Even polymorphism wasn’t a part of the his original thoughts on OOP. He proposed another term to describe behavior in related objects, “genericity.”

He ends the thread by giving his definition of OOP,

OOP to me means only messaging, local retention and protection and hiding of state-process, and extreme late-binding of all things. Dr. Alan Kay, July 23, 2003

Doesn’t this sounds like functional programming?

Even though this is years after Dr. Kay’s original OOP work he may have had changes in thought over the years. Yet, I still believe that his intent is still true here. So it seems that through the years, OOP may have been forked or hijacked. Some argue that we are paying for it today. They say that OOP did not stay true to the OOP of Dr. Kay and his peers in the early days of OOP (am I spamming OOP here?).

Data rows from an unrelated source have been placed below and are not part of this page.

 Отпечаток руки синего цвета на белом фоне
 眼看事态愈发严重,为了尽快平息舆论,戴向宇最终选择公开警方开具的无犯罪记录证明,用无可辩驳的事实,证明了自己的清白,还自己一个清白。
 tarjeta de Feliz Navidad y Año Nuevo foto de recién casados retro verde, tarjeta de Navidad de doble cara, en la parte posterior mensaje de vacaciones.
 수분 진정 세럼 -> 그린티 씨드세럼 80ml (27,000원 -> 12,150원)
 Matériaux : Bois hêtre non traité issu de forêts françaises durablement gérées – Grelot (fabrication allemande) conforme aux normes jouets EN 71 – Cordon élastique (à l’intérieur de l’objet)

Now, I have another reason to learn F#. With the little I know now, I have already started trying to remove the ill affects of mutable state and use message passing to communicate across layers. I know there is so much more to learn and I have been doing this a long time. I look forward to digging into F# maybe even Erlang to see how it can influence my OOP.


  1. Jon

    As always, this is a great post.

    A while ago, I came across this post and it seems to have similar intent. http://www.smashcompany.com/technology/object-oriented-programming-is-an-expensive-disaster-which-must-end
    I had a pretty good discussion with some developers after reading this. One thing to keep in mind before reading, it would be a good idea to read the whole thing before starting to comment too soon. As I read the post, I would stop and write a bunch of comments, only to find that they were answered in the subsequent paragraphs.

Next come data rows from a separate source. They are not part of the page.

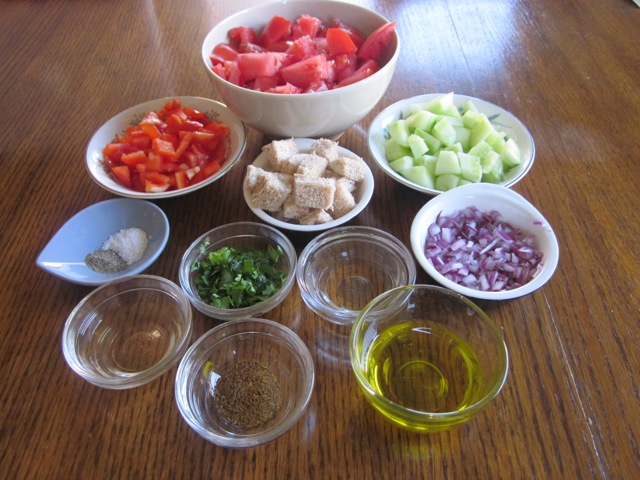 - Place tomatoes, cucumber, red pepper, onion, garlic, cilantro, olive oil and ½ cup of the water in a food processor or blender and place the bread on top. Process until thick and smooth.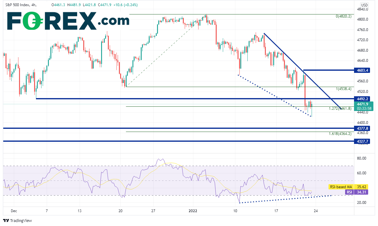 4小时图RSI同样与价格严重背离。价格如果确实反弹,上方会先后面临前低点4492.2附近和由下降趋势线与水平阻力位构成的阻力带,即4538附近。如果攻克,上档阻力在120日高点4603.4。但若价格继续下跌,则日图上的第一个支撑在4377,如果失守,下看20211220日低点到历史高点行情的161.8%扩展位,即4364.2附近。再接着是水平支撑位4327.74272.2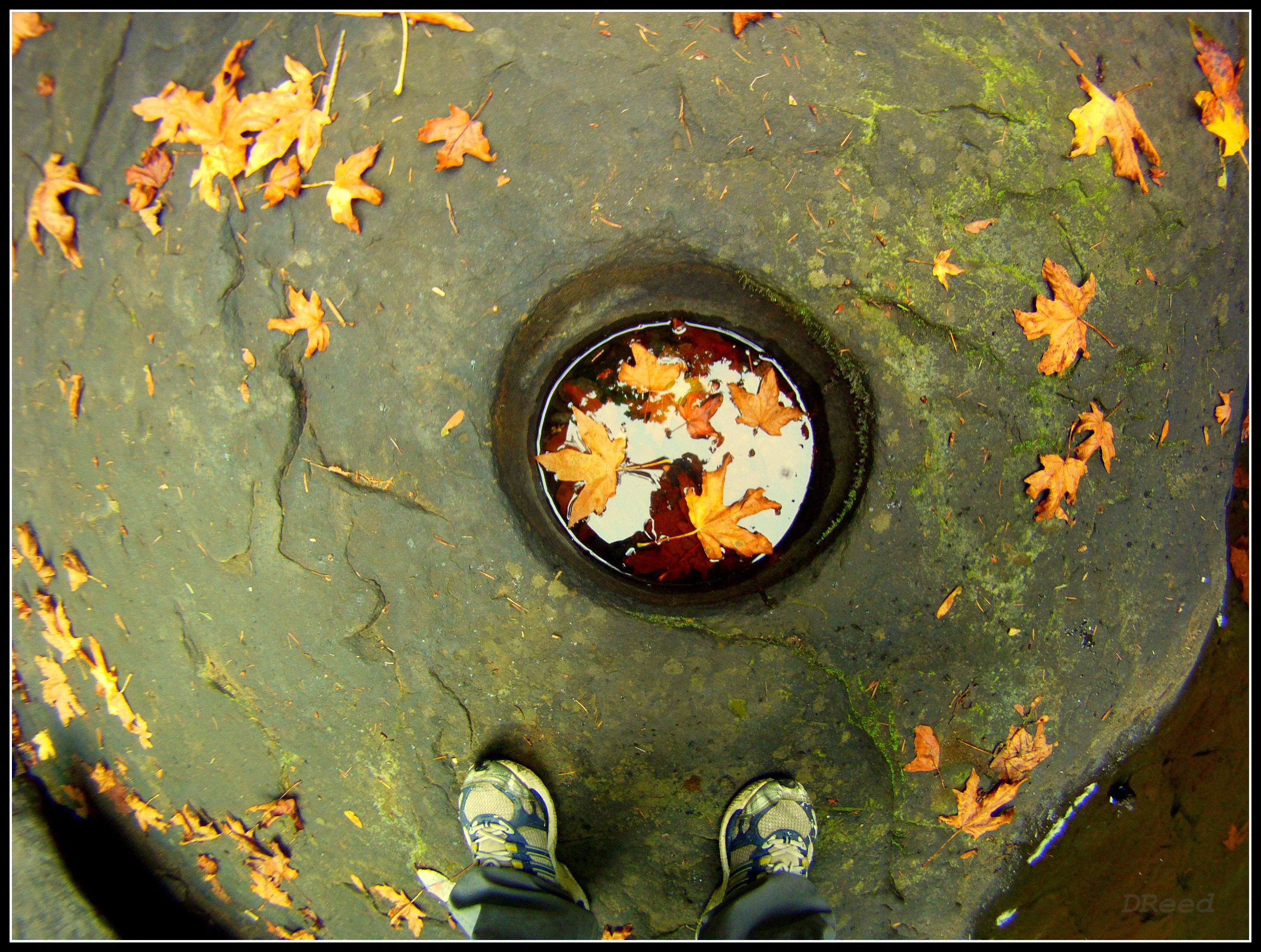 When there is a small crack in the rock, another small rock finds the crack in the rushing of the water of the stream. It then rattles around in the crack for a while causing the crack to round out a little before the rock wears down, gets swept away and replaced with a new larger rock. With the rushing water, the larger rock spins around and rounds out the crack a little more and gets smaller in the process until it, too, is replaced. The crack transforms into a hole, becoming larger and larger with ever passing rock that finds it. The rush of water gives the needed motion, and the persistence over years creates a smooth rounded hole.
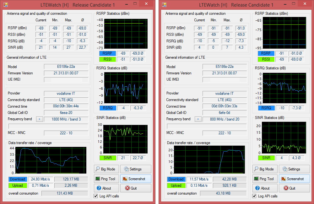 si può migliorare il livello del segnale ricevuto dai router 4G semplicemente incollando un foglio di carta stagnola su un supporto di cartone da usare come schermo riflettente posto alle spalle dell'apparecchiatura (In pratica dalla parte opposta della fonte di segnale). Si può curvare, allontanare e spostare in varie posizioni così da verificare il miglioramento. Attenzione però, più segnale non significa sempre più qualità. I vari test online di download non tengono conto dei pacchetti persi, quindi bisogna verificare sempre che il rapporto segnale/disturbo non peggiori come nel test sopra citato. In Banda 20 è decisamente peggiore che in Banda 3 e questo rende meno fluida la comunicazione dati. |

    With Functional Programming, one thing I keep going back to, is the dedication to small blocks of composable pieces. Several times in the past 2 days and in different code bases (both C# and F#), I see how the small “functional” blocks allow for very powerful and expressive processes can be created. Scott Hanselman talks about these as Lego block programming. This is one of the underlying concepts and power of the a library I wrote in order to transform input files so our system can read them in from a standard format. This allows the small blocks to be composed in new and more powerful ways to create complex systems in a simple manner. This also has the added benefit of creating reusable DRY code.

    • Charles

      I have a deep appreciation for code with small composable methods. The large “god” classes and methods that I see in a lot of projects seem to be an unfortunate practiced passed down from procedural programming roots.

      Did you open source that transform library? What I saw looked very powerful.